In terms of personalization, though, there’s a superb line; memory stays complicated, Pathak emphasized. While it’s necessary to have long-term memories and evolving threads with customers — retaining information like their typical budgets, preferred hotel star rankings or whether or not they need disability access — it should be on their terms and protective of their privacy.
Booking.com is incredibly mindful with memory, looking for consent in order to not be “creepy” when collecting customer information.
“Managing memory is far harder than actually constructing memory,” said Pathak. “The tech is on the market, we’ve got the technical chops to construct it. We would like to ensure that we don't launch a memory object that doesn't respect customer consent, that doesn't feel very natural.”
Finding a balance of construct versus buy
As agents mature, Booking.com is navigating a central query facing your complete industry: How narrow should agents turn into?
As a substitute of committing to either a swarm of highly specialized agents or a couple of generalized ones, the corporate goals for reversible decisions and avoids “one-way doors” that lock its architecture into long-term, costly paths. Pathak’s strategy is: Generalize where possible, specialize where mandatory and keep agent design flexible to assist ensure resiliency.
Pathak and his team are “very mindful” of use cases, evaluating where to construct more generalized, reusable agents or more task-specific ones. They strive to make use of the smallest model possible, with the very best level of accuracy and output quality, for every use case.

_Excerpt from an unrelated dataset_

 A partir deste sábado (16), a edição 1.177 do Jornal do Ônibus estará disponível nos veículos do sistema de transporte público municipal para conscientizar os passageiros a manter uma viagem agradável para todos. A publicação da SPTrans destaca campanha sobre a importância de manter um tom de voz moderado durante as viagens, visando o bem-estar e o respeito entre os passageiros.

Whatever might be generalized is.
Latency is one other necessary consideration. When factual accuracy and avoiding hallucinations is paramount, his team will use a bigger, much slower model; but with search and suggestions, user expectations set speed. (Pathak noted: “Nobody’s patient.”)
“We’d, for instance, never use something as heavy as GPT-5 for just topic detection or for entity extraction,” he said.

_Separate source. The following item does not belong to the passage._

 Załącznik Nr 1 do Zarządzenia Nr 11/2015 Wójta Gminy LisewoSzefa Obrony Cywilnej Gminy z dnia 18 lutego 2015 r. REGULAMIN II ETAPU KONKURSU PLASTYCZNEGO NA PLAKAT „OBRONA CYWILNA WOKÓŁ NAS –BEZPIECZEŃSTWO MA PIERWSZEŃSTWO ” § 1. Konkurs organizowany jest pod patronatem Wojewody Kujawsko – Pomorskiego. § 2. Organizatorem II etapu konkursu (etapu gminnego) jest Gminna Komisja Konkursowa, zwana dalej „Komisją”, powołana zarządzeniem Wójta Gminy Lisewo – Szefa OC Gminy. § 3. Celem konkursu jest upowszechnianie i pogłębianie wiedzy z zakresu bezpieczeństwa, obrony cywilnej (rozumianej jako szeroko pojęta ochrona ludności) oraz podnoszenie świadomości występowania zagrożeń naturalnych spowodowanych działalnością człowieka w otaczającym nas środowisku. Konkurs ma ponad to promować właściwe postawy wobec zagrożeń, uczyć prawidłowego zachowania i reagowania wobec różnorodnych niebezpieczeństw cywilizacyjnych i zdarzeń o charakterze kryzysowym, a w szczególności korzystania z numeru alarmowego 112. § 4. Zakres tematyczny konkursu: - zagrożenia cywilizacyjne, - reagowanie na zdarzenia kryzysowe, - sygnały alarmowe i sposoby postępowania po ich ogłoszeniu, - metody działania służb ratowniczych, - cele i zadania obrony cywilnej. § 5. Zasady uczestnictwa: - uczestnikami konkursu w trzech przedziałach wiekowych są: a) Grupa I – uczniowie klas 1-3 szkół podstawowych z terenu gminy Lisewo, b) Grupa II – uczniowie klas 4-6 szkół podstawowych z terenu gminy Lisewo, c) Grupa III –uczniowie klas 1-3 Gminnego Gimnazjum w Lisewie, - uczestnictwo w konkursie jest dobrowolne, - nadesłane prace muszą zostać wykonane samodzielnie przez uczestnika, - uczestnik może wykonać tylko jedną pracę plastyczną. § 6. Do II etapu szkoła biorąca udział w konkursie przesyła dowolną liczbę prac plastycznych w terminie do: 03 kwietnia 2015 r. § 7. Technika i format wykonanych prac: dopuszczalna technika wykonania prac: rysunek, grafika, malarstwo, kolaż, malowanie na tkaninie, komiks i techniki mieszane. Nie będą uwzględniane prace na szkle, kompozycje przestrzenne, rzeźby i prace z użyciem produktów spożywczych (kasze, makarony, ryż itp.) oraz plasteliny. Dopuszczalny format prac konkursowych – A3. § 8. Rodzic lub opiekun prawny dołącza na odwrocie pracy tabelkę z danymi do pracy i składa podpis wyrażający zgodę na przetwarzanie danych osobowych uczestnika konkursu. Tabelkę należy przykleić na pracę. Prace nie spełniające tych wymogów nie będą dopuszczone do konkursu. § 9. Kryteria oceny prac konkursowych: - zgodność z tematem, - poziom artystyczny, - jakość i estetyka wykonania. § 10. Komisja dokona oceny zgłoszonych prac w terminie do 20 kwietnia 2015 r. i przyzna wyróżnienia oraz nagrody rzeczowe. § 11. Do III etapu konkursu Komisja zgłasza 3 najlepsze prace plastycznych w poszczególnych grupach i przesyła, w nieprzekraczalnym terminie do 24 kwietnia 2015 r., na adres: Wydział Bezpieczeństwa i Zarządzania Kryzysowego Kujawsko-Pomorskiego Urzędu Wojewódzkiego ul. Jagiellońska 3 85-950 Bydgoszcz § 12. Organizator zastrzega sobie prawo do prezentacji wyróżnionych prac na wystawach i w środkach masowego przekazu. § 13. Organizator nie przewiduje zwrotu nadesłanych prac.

Booking.com takes a similarly elastic tack in terms of monitoring and evaluations: If it's general-purpose monitoring that another person is healthier at constructing and has horizontal capability, they’ll buy it. But when it’s instances where brand guidelines should be enforced, they’ll construct their very own evals.
Ultimately, Booking.com has leaned into being “super anticipatory,” agile and versatile. “At this point with the whole lot that's happening with AI, we’re just a little bit averse to walking through a method doors,” said Pathak. “We would like as lots of our decisions to be reversible as possible. We don't need to get locked into a call that we cannot reverse two years from now.”

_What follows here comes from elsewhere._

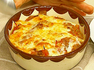 焼いたなすにソースをかけ、チーズをかけて焼く、「グラタン」に

What other builders can learn from Booking.com’s AI journey
Booking.com’s AI journey can function a crucial blueprint for other enterprises.
Looking back, Pathak acknowledged that they started off with a “pretty complicated” tech stack. They’re now in place with that, “but we probably could have began something much simpler and seen how customers interacted with it.”
On condition that, he offered this priceless advice: When you’re just starting out with LLMs or agents, out-of-the-box APIs will just do superb. “There's enough customization with APIs that you would be able to already get numerous leverage before you select you desire to go do more.”
Then again, if a use case requires customization not available through a typical API call, that makes a case for in-house tools.
Still, he emphasized: Don't start with the complicated stuff. Tackle the “simplest, most painful problem you could find and the only, most blatant solution to that.”
Discover the product market fit, then investigate the ecosystems, he advised — but don’t just rip out old infrastructures because a brand new use case demands something specific (like moving a whole cloud strategy from AWS to Azure just to make use of the OpenAI endpoint).
Ultimately: “Don't lock yourself in too early,” Pathak noted. “Don't make decisions which can be one-way doors until you might be very confident that that's the answer that you desire to go together with.”